The Industrial Revolution found its American home in the northeastern states. Through acts of
technological piracy, the United States was able to smuggled cotton mills, woolen mills, and power
looms into the country. Textile production was centered in the northeastern states because of its
abundance of water power. The Northeast was also rich in capital that was diverted to manufacturing
before and during the War of 1812. Americans soon numbered among the pioneer innovators in other
industries. Oliver Evans of Philadelphia earned international fame when he contrived a continuousoperation flour mill. Eli Whitney, already famous as an inventor, designed a rotary metal-cutting
machine with which, he believed, he could mass produce muskets. The vision of interchangeable parts
and mass production intrigued manufacturers of many kinds. Some factory owners hired entire families
to work their mills. More successful was the “Waltham System” or “Lowell System.” Farmers were
urged to send their grown girls to work in mills for six days a week, about twelve hours a day, for weekly
wages of $3.
In 1782, African American slavery appeared to be dying out. By 1808, however, cotton culture
was returning bonanza profits. Eli Whitney’s cotton gin revived the one-crop economy that planters of
Washington’s generation had considered the South’s curse. The demand for “prime field hands”—
young, healthy men—to toil in the cotton fields caused the price of slaves to soar.

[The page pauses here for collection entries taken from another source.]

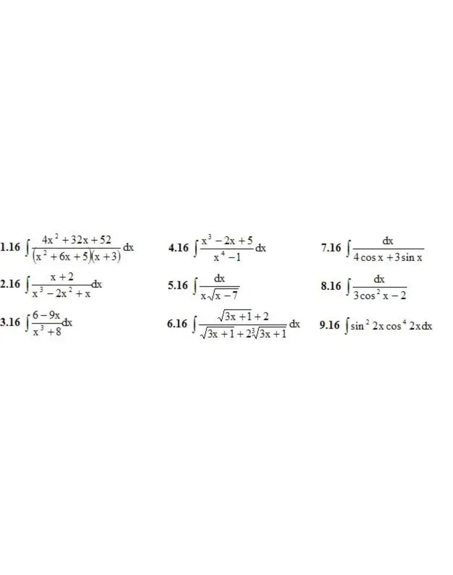 1. Найти неопределенные интегралы. (1-9)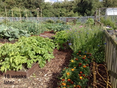 (Click arrows for photo 7-11) June saw the plot really starting to look like a proper allotment with everything flourishing. Unfortunately this included the weeds.
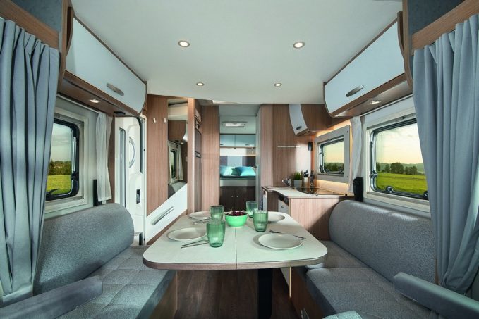Cette saison est marquée par le lancement sur certains profilés d’une édition dite Clever et Clever+. Ce T459 est éligible à ce pack et le modèle à l’essai se présente sous la forme la plus richement dotée, à savoir la seconde. Avec son tarif de 53 900 € (soit 5150 € de plus que le modèle de base affichant un tarif de 48 750 €), ce véhicule reçoit en premier lieu la motorisation de 140 ch et les jantes 16". Pour mettre les petits plats dans les grands, Carado a décidé également d’y intégrer les packs Châssis, Dynamic et Confort, le grand frigo, les stores plissés en cabine, les baies à cadre affleurantes, le skyroof, le store extérieur ainsi que, pour le confort des usagers, une TV 22" avec une antenne satellite incluse.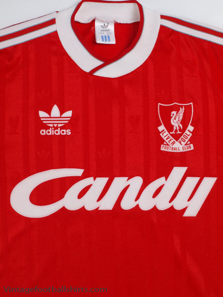 Details - Classic home shirt as worn when Liverpool failed to defend the First Division title in dramatic circumstances, missing out on the title on goals scored after a 91st minute goal from Michael Thomas on the last day of the season meant that Arsenal would finish as champions. Also worn when Liverpool won the FA Cup, beating local rivals Everton 3-2 in the final.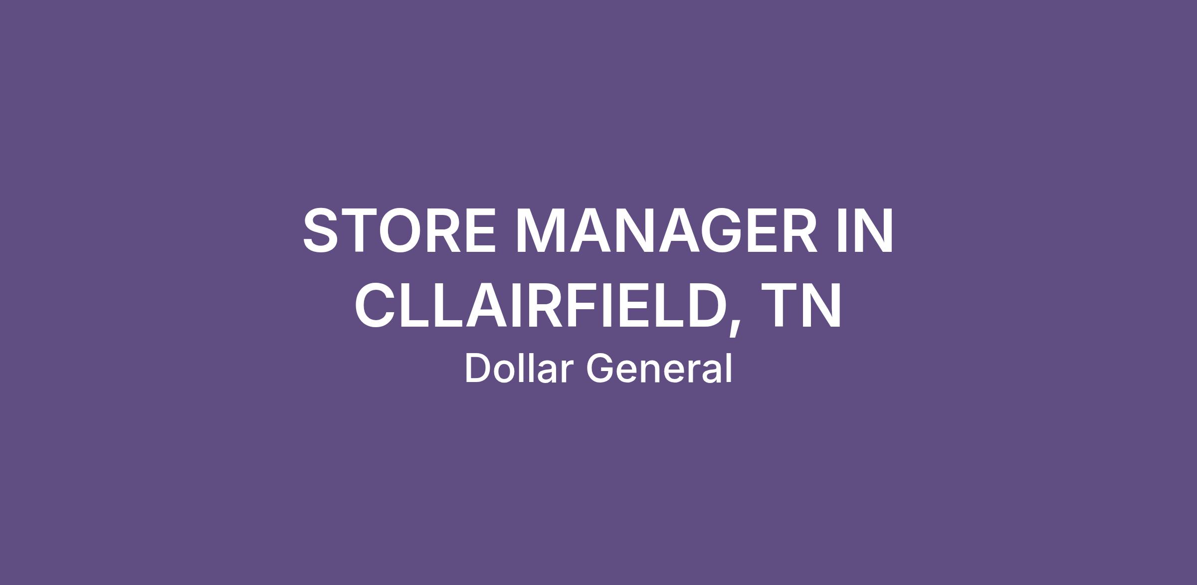 STORE MANAGER IN CLLAIRFIELD, TN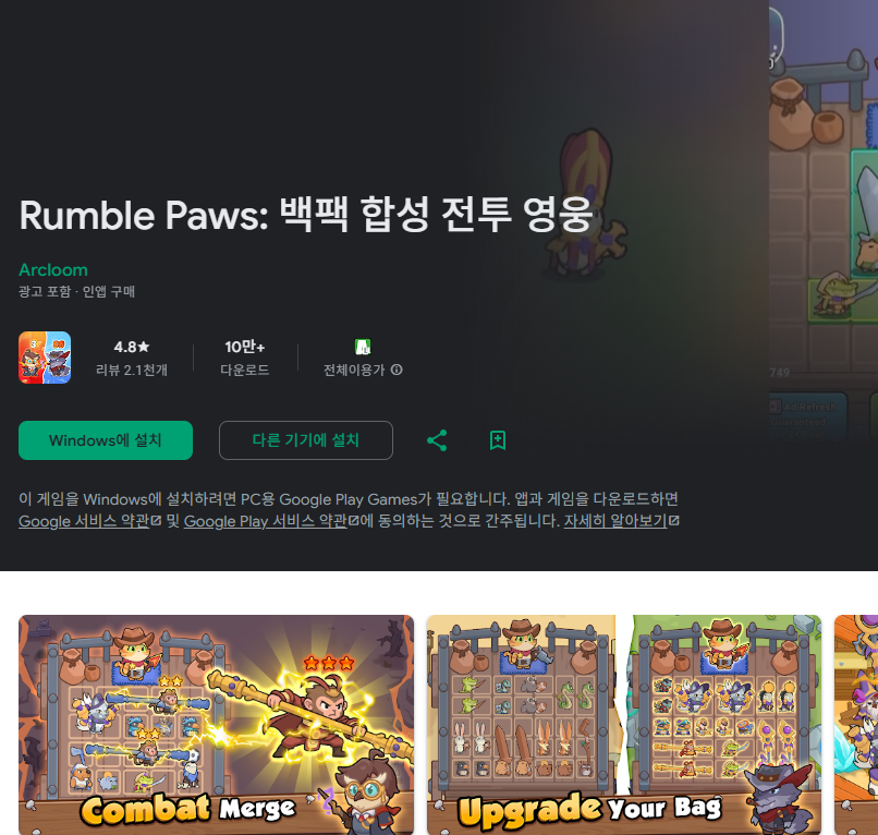**게임이름 Rumble Paws: Backpack Fight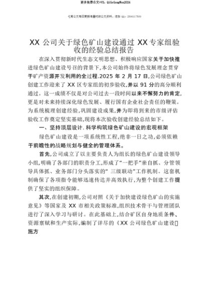 【七哥公文】2025年:【七哥公文】XX公司关于绿色矿山建设通过XX专家组验收的经验总结报告+更多免费公文+VX:QiGeGongWen2024+更多免费公文+VX:QiGeGongWen2024

The population explosion west of the mountains in the early 1800s was not restricted to the
cotton belt. The abundance of cheap land does not by itself explain the torrent of people that flooded
west. A few of these eternal pilgrims were simply antisocial. Others were respectable and wanted as
much company on the frontier as they could persuade to join them. Yet other pioneers were
speculators and developers. Cities preceded farms along major rivers. Most astonishing is how quickly
some western cities became manufacturing centers.
Speculators were intensely interested in the price at which the federal government disposed of
its land and the terms of purchase. Land law was revised to favor big-time speculators. In 1819, the
price of cotton collapsed, causing bonafide planters to default on their loans. Nationwide, about half a
million wage workers lost their jobs. Much of this was because of massive land speculation. Squatters
were settlers who developed farms on public land before the government offered it for sale. Squatters
and their sympathizers turned to Congress for help with their legal rights to the land.